И пока спускались в шахту, пока шли на участок, старикашка не умолкал. Из его рассказа забойщик узнал, как умерла старуха, жена Зиновьевича, как он хотел сварить ей бульон из голубей, а она отказалась, убедив старика, что все равно умрет и он останется одиноким без голубей.
— Вот у меня жена какая была, сохранила охоту для всего поселка! — Зиновьевич сказал это с такой гордостью и восторгом, как будто старуха его совершила подвиг. Он замолчал только в лаве, когда Антон Поликарпович, наладив вентиляцию, принялся за работу.
Старик выбрал поудобнее место, чтобы не мешать забойщику работать, убавил в лампе фитиль, и желтоватый свет вольфы крохотным цветком отразился в глянце породы.

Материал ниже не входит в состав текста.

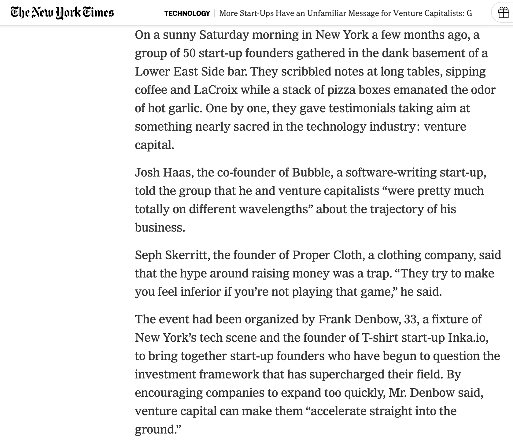 Frank has given feedback to 100s of entrepreneurs (some of their feedback here), personally and through mentoring at HF0, Entrepreneurs Roundtable, NY Fashion Tech Labs, Parallel18, HBCU.vc, and Ignite. If you're a startup and you want feedback on your onboarding / first time user experience or your investment deck, fill this out.
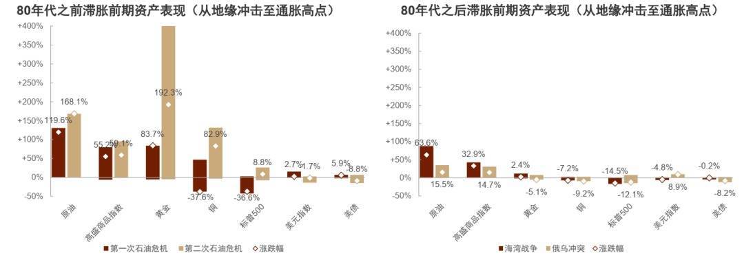 图表11:以80年代为分界线,滞胀期间的资产波动明显降低,黄金由涨转跌

Зиновьевич следил за языком огонька, определяя по высоте пламени процент метана в лаве. Он замечал, как после ряда сильных выбухов пламя увеличивалось, но, несмотря на это, оставался спокоен. При хорошей вентиляции это неопасно. Наблюдая за движениями Поликушина, старик одобрительно кхекал, подсказывал, где лучше делать подбой пласта.
Иногда Поликушин вспоминал сказанное начальником шахты, думал об опасности, но присутствие Зиновьевича настраивало забойщика на другие мысли, и он верил, что сам он и этот старичок вечны па земле, как вечна жизнь. И от этих мыслей Антон Поликарпович работал увереннее и сноровистее.
6
Прошло больше месяца с того дня, как Поликушин первый раз после войны опустился в забой. В сквере на доске Почета появился его портрет. С первой получки Светлана купила продуктов, несколько буханок хлеба и накормила детей досыта.

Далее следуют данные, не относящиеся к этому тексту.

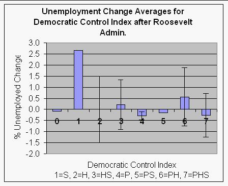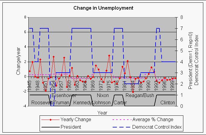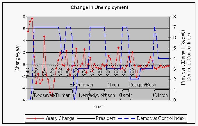 compared to the presidential terms (Dem=1, Rep=0) and Democratic control index
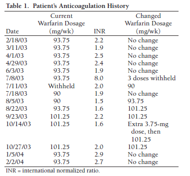 患者,58歲男性(高加索人),因預(yù)防卒中長期口服華法林。
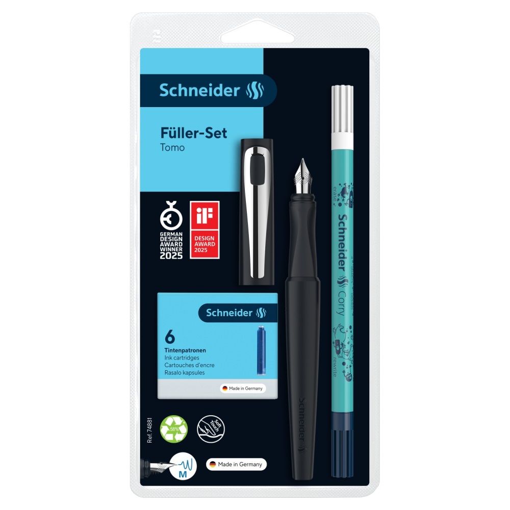 Tomo je plniace pero s minimalistickým dizajnom a matným povrchom. Ekologické a zdroje šetriace telo a uzáver sú vyrobené z 58 % recyklovaného plastu. leštený hrot SmartFlow z nehrdzavejúcej ocele …
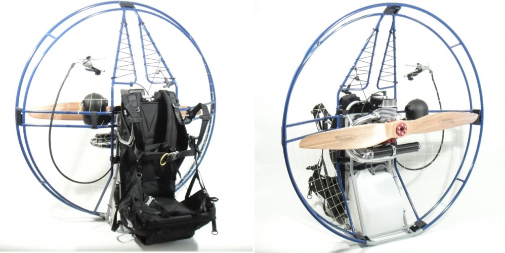 | Propulse 100 evo | Paramotor suitable for pilot weight from 130 lbs. to 200 lbs. Equipped with the Vittorazi Fly 100 evo engine with 18 HP 100 CC. Manual starter, Walbro carburetor, Airbox, chromed tune pipe exhaust with an extra muffler (silencer), start/stop switch and adjustable cruise control. Propulse Paramotor with Aeros Vitamin 32 wing combo...$8500 |

Антон Поликарпович сидел у открытого окна и слышал, как его младший сын разговаривал с приятелем.
— Как папка пришел с войны, хлеба у нас — от пуза.
— Врешь ты все, — усомнился приятель.
— Нет, не вру, вот я и тебе кусок вынес.
— Весь отдаешь?..
— Весь...
— Если бы мой папка вернулся, у нас тоже много хлеба было бы.
Поликушин взял полбуханки, отсыпал в чистый лоскут сахара и, завернув, отправился навестить Зиновьевича.
Старик встретил Антона Поликарповича радостно. До позднего вечера они говорили о «Пугачевке», о том дне, когда на участок придут люди.
Мирная жизнь для Поликушина становилась привычной, а необычная работа забойщика на опасном участке наполняла ее новым смыслом, заставляла жить в полную силу.
Данило Иванович уходил на пенсию нехотя. «Радости мало», — отвечал он на поздравления. Последний раз обошел шахтный двор, подарил знакомому пареньку свою каску и куртку. «Мне они ни к чему, носи на удачу». Он бы поработал еще, но что поделаешь — старость.